Quirky Artist Villagrana And Skateboards Make A Good Mix
In buying athletic goods from Nike shoes to K2 snowboards, two features help the sports-minded customer make a decision. One is athletic function: Does the sports tool really deliver? The other is more elusive - a tool's visual style and "attitude."
No one knows it better than the year-old Bellevue-based Compression Skateboard company. Distinctive visuals have helped it break into the marketplace. In an inspired choice for a sport like skateboarding, the firm recruited local artist Roman Villagrana. Villagrana, whose art is both well-liked and striking, has the perfect mix of quirkiness and personal style. Many Compression customers even know the artist by sight; with his bulging sketchbook, he haunts local clubs and coffee shops.
Willing to chat with anyone who approaches him, Villagrana fills page after page with warmly rounded drawings - funky mythological characters and cartoon aliens. Even those who don't recognize the artist may know his work - via murals in stores such as Hyperspace Records, hangouts like the lounge at Sit & Spin, eateries such as the Rainbow Bar & Grill.
They also might have attended one of his raves or "gatherings," where Villagrana murals wave on sheets and banners while turntables spin.
His little gallery of puckishly mystical figures has built the artist a solid street reputation. Villagrana was born in Mexico but "doesn't remember much - just some random feelings and colors." He had a very rural childhood in the Northwest: small towns, farming, caring for animals. Villagrana came here from Oregon to study art, but he defected when he started learning about computers.
"For me, computers are a very human thing. I see all of us as the World Wide Web and our energies as that kind of circuitry." Far from becoming a digital artist, however, Villagrana fell back in love with the pencil and airbrush.
The graphics he has done for Compression - five skateboards, T-shirts and the company's catalog - demonstrate his most public and cartoonish side. But where they spring from might intrigue the skater-customer; Villagrana is a fan of religious art. His apartment is filled with complex, ancient images: Mayan glyphs, Tibetan thangkas and Latin saints. He likes the fact that such images already come with iconographies.
"They have these strict codes you reinterpret from your experience. And having that experience is what I'm after. I look at both the Bible and Tibetan art as reality - as interpretations of the literal truth."

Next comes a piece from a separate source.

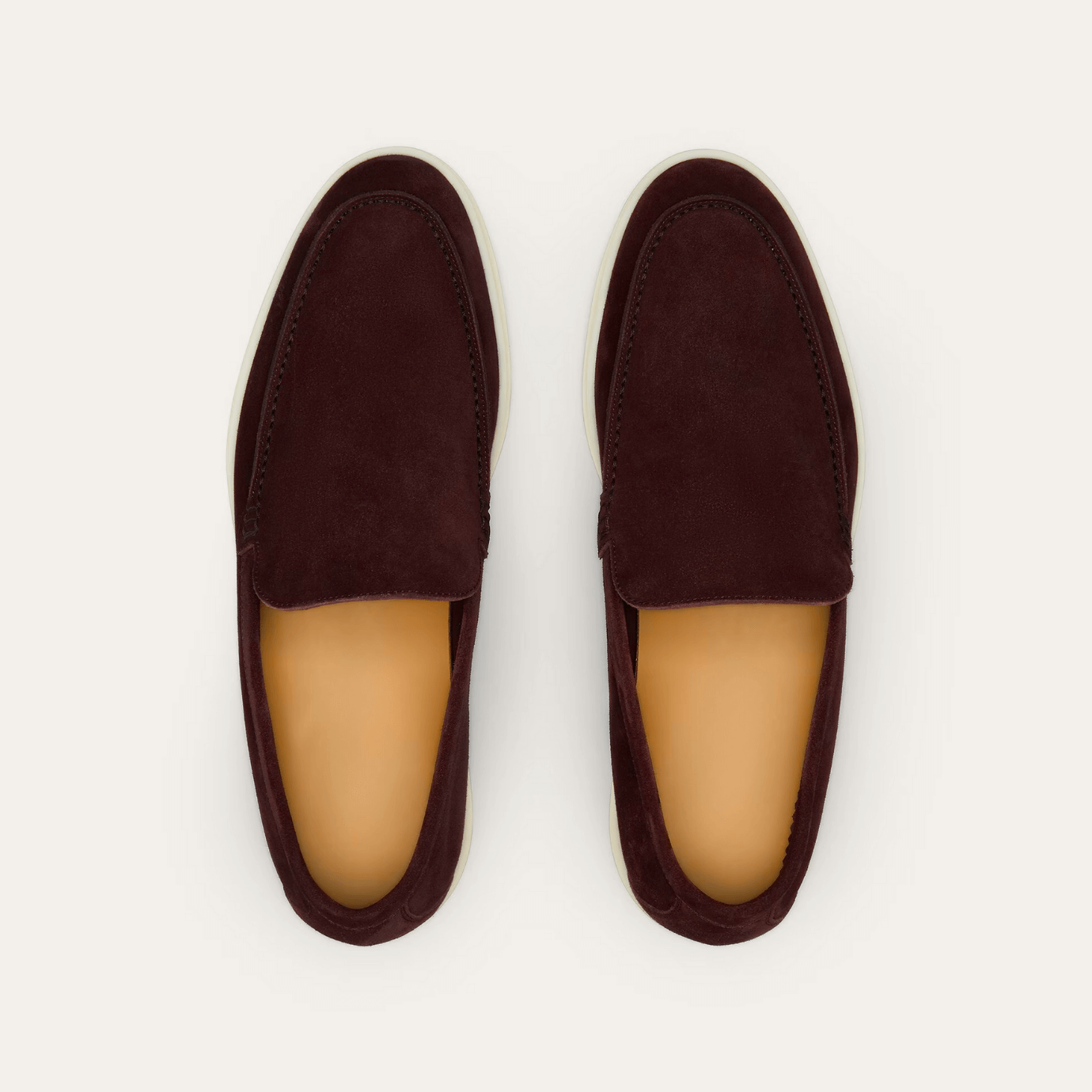 Cut from premium suede and left unlined for enhanced softness and breathability, they mold effortlessly to the foot with wear. The lightweight rubber sole ensures all-day comfort, while the hand-stitched apron and side seams reflect a quiet mastery of detail. Designed for warm-weather ease, they transition seamlessly from resort paths to city streets, with or without socks.

For Compression, Villagrana's work means a clear identity. And that's something the sports start-up company coveted. Friends Dax Colwell and Mike Western started their firm on a hunch: They believed that snowboard "technology" could improve skateboards. With both sports hugely popular across America, Colwell and Western knew the potential market.
But they wanted to invent a wholly "new" skateboard, one that used a wooden core for the actual deck, wrapped in fiberglass resin, then compression-molded. Hence the name of their fledgling enterprise.

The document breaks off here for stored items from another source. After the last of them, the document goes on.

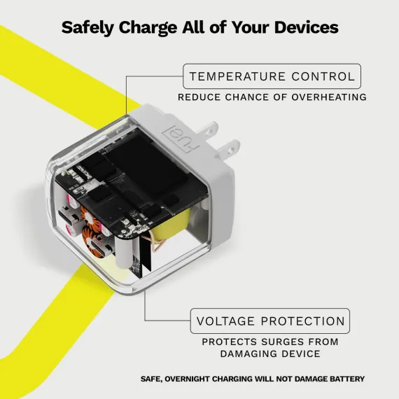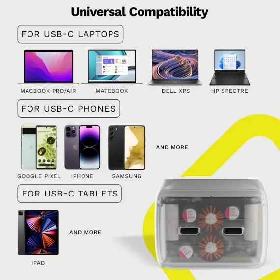 Step up your charging. This semi-transparent 50W Foldable Wall Charger includes two USB-C fast charging ports so you can power multiple devices at once. Smart Charging Technology (SCT) allows the charger to customize speeds based on the device you’re charging, giving you the maximum output allowed (up to 50W). This charger is compatible with Apple, Samsung and other smartphone brands and is perfect for the iPad Pro, iPad Air and any other USB-C compatible tablets. The 50W charger can also be used for the MacBook Pro 13” & 14”.
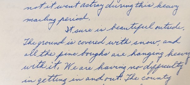 It sure is beautiful outside. The ground is covered with snow, and all the pine boughs are hanging heavy with it. We are having no difficulty getting in and out. The county plow has been down and our snow blower works good. It has snowed some each day, except one, since the 6th.
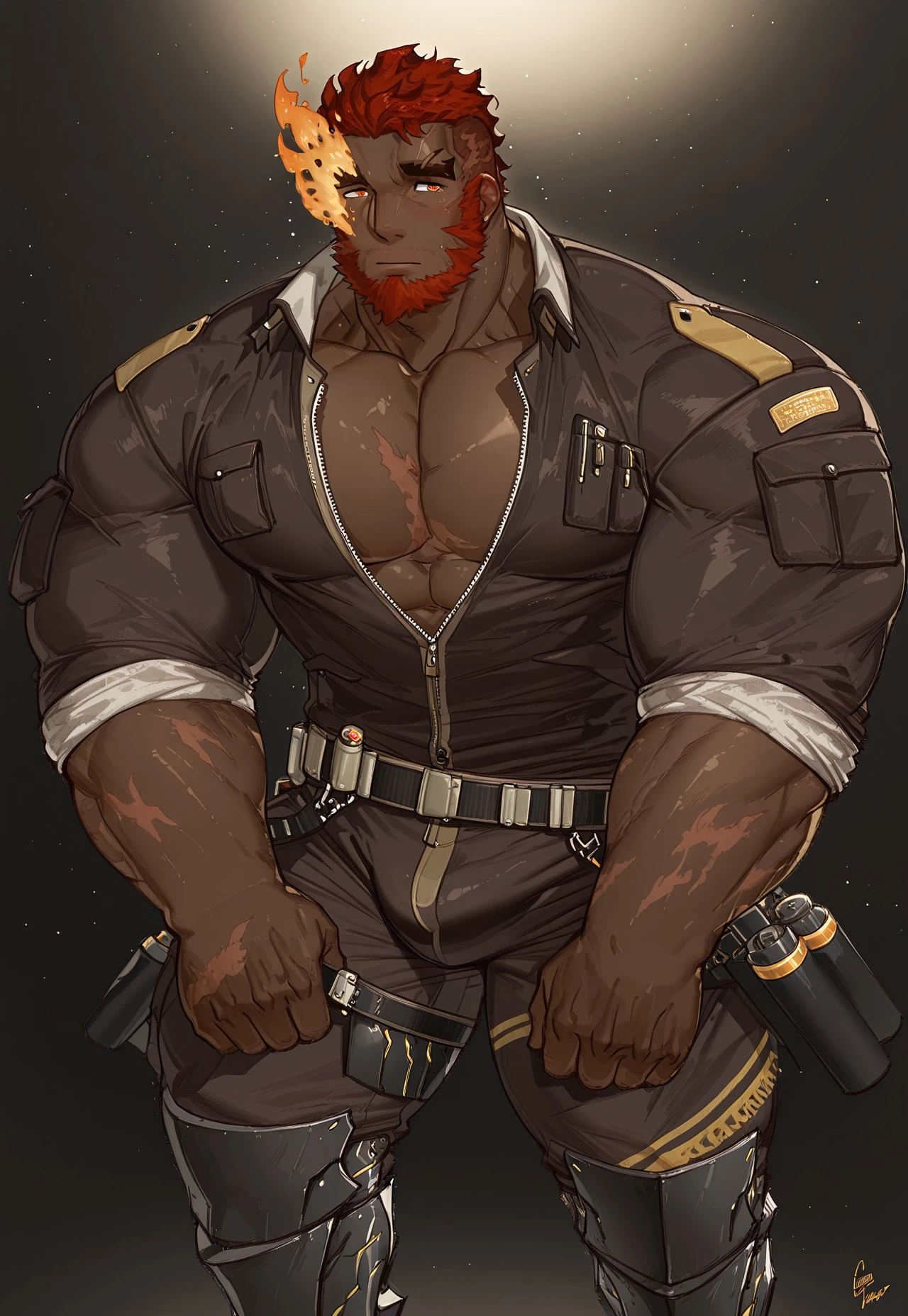 hephTAS, flaming eye, thick eyebrows, eyebrow cut, muscular male, muscular, mechanical legs, dark skin, dark-skinned male, facial hair, beard, scar, scars, body scars, scars all over, scar on face, scar on eyebrow, orange eyes, short hair, red hair, undercut,
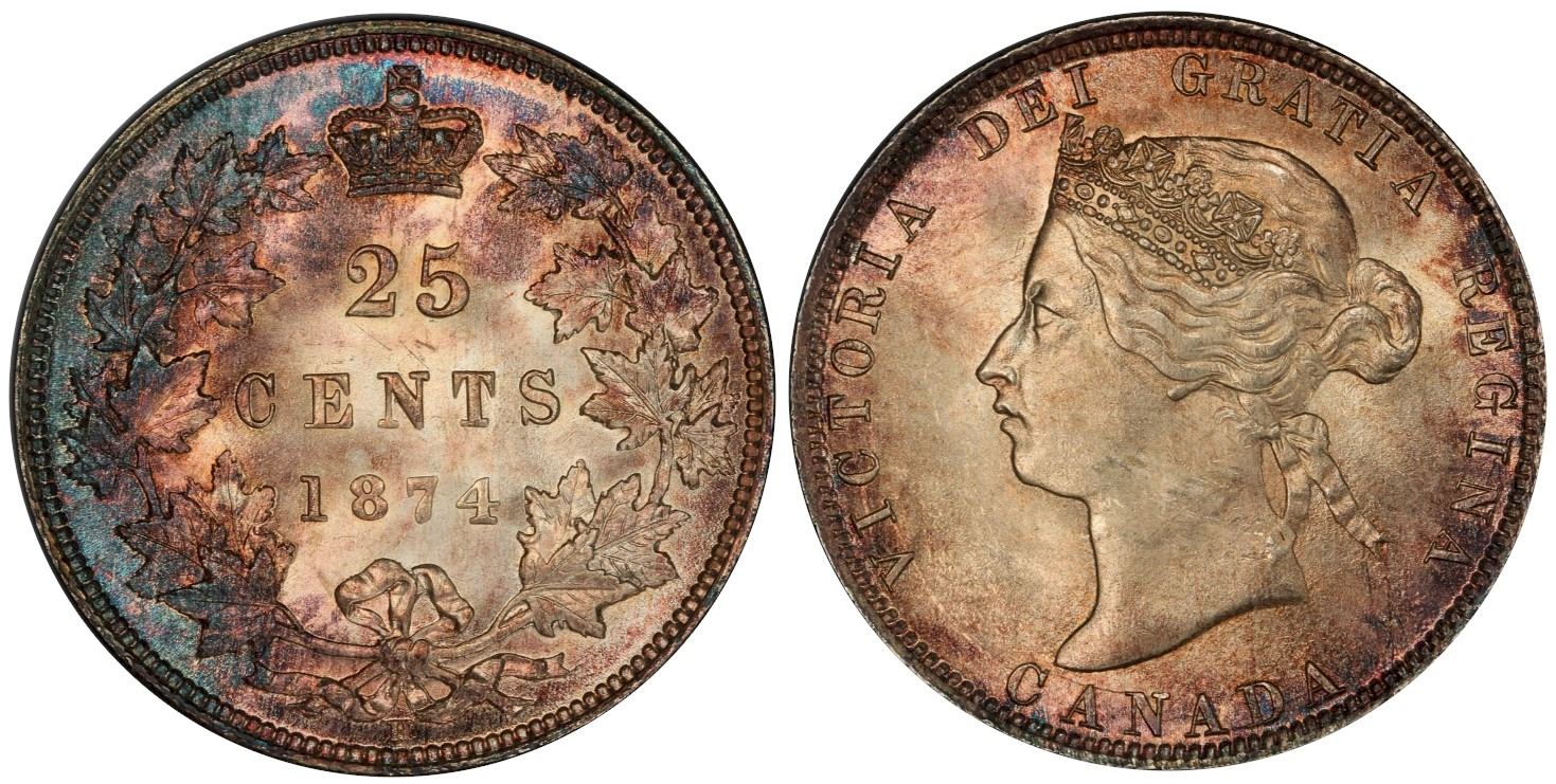 1874H 25¢ PCGS Choice Mint State-63+.  A superior example, very attractive example.

Now, after a year of research and development, Compression wares are making waves at athletic trade shows - and they've expanded to a manufacturing plant in Woodinville. The company has also made boards with designer Ryan Hodson. (Hodson designed another experiment in materials: a skateboard actually made out of hemp.)
"But," says Colwell, "Roman's work is incredibly popular. I didn't really know the work before; I saw a mural."

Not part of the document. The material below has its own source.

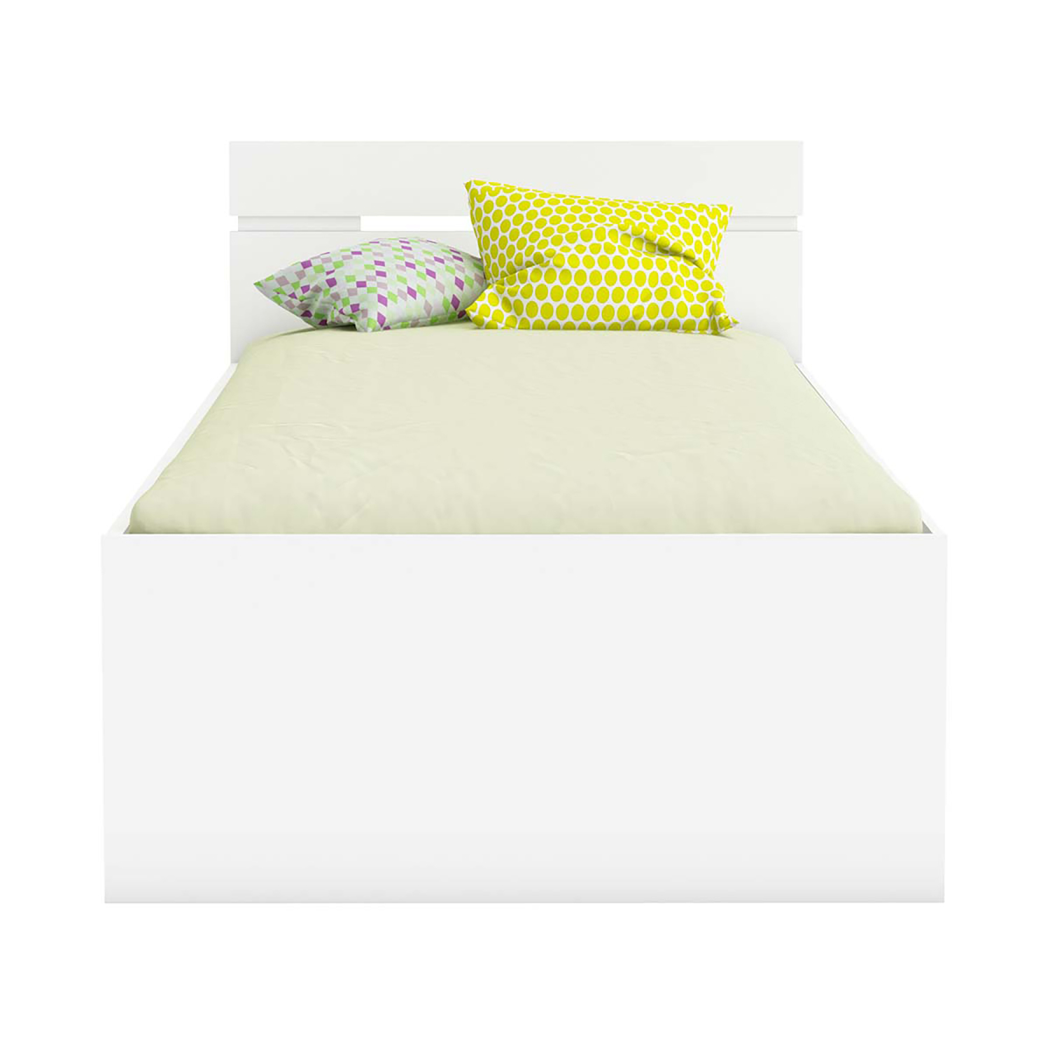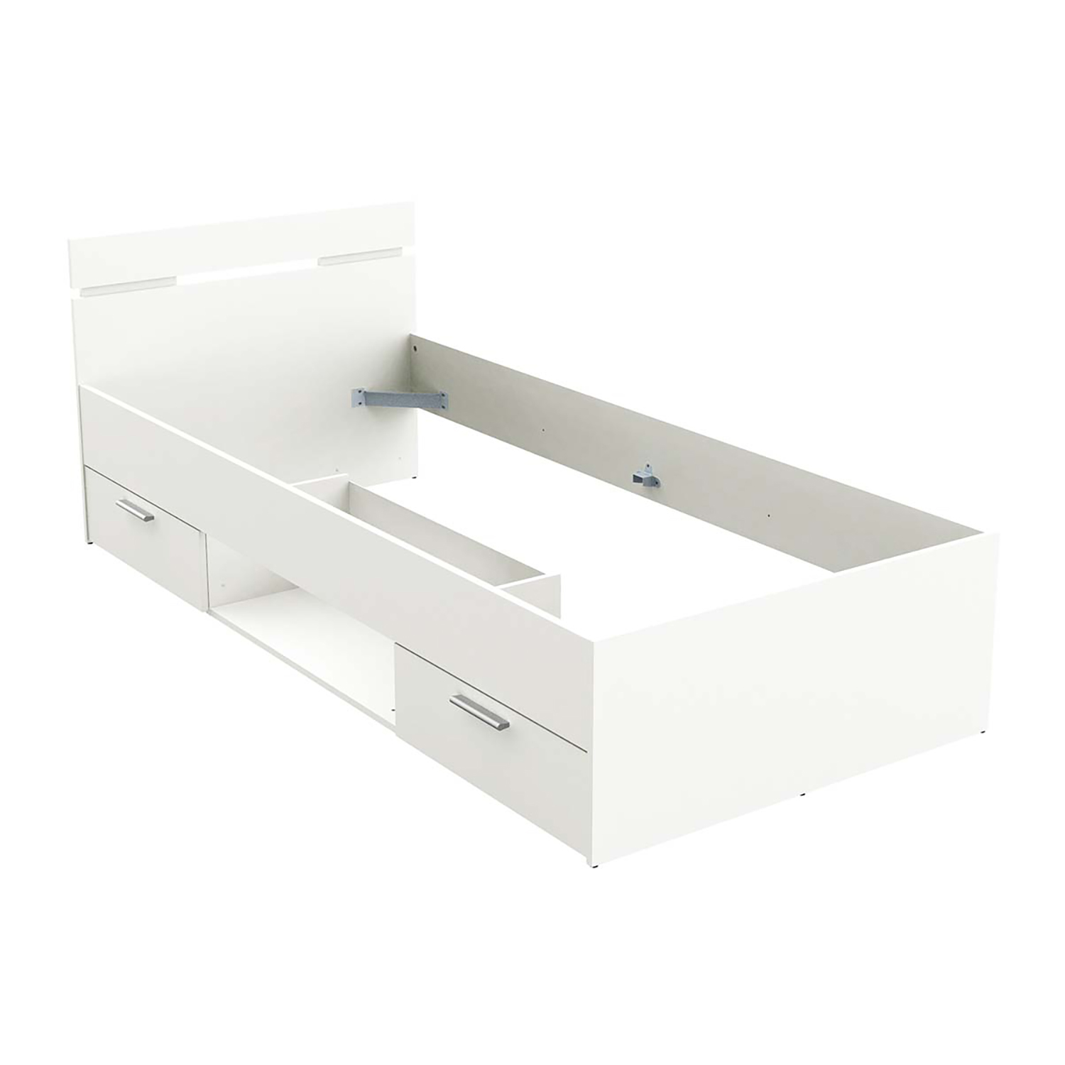 barevné provedení matná bílá 2 úložné zásuvky s kovovými pojezdy a odkládací nika jsou v ceně matrace a rošt nejsou v ceně, doporučený rozměr matrace 90 × 200 cm k posteli je nutno použít samonosný rošt v rámu 90 × 200 cm (7154 nebo 7861) doporučená maximální nosnost 100 kg

"They really tracked me down," Villagrana says with a laugh. "But when we had a few meetings, they liked my thinking. I like the whole technology thing they're using, where the graphics are inside, compressed like a lamination."
Villagrana plans to keep mixing myth and technology. He's just become the father of a baby daughter, and he's balancing the child care with other changes. One is a new gallery where he will have a studio - shared with five glassblowers and two visual artists. This will be a part of the EGO Gallery, which opens in midsummer. EGO is on Eastlake Avenue overlooking Dale Chihuly's Boathouse studio. Its vaulted ceilings, exposed brick and triple skylights are being developed by Michael Dean. Dean, who has known Villagrana for eight years, hopes to win his friend's work wider attention.
Says he, "I've worked in a lot of Seattle galleries. But they've always sort of had a stuffy feel. I like visions like Roman's, I like the truly funky. I really want to promote artists on the fringe."
So far, EGO has recruited five glassblowers (Aaron Tate and Darin Dennison from the Boathouse, as well as Daryl Smith, Nathan Lesnet and Steve Cornet), plus three other local artists: Joey Masciotra, Jesse Higman and Greg Kalamar.
They join names from New York and Chicago - in a gallery roster rife with variety.
On May 15, Villagrana moves into his studio, shifting from his coffee-house chairs to a 5,500-square-foot home. He and Dean have christened it "The Playground"; Dean says he hopes the move "will make things less intense for Roman. With a new baby, and the graphics - he's got a lot on his mind."
But despite the lack of sleep, Villagrana's eyes are twinkling. He's just finished the designs on two wakeboards (the water skier's equivalent of a snowboard). But he's already making plans for two more projects. "Now, I'm finally able to start a book for children. That - and a Kama Sutra with my parody aliens."
The EGO Gallery is at 3241 Eastlake Ave. E, Seattle. Phone: 206-346-0333.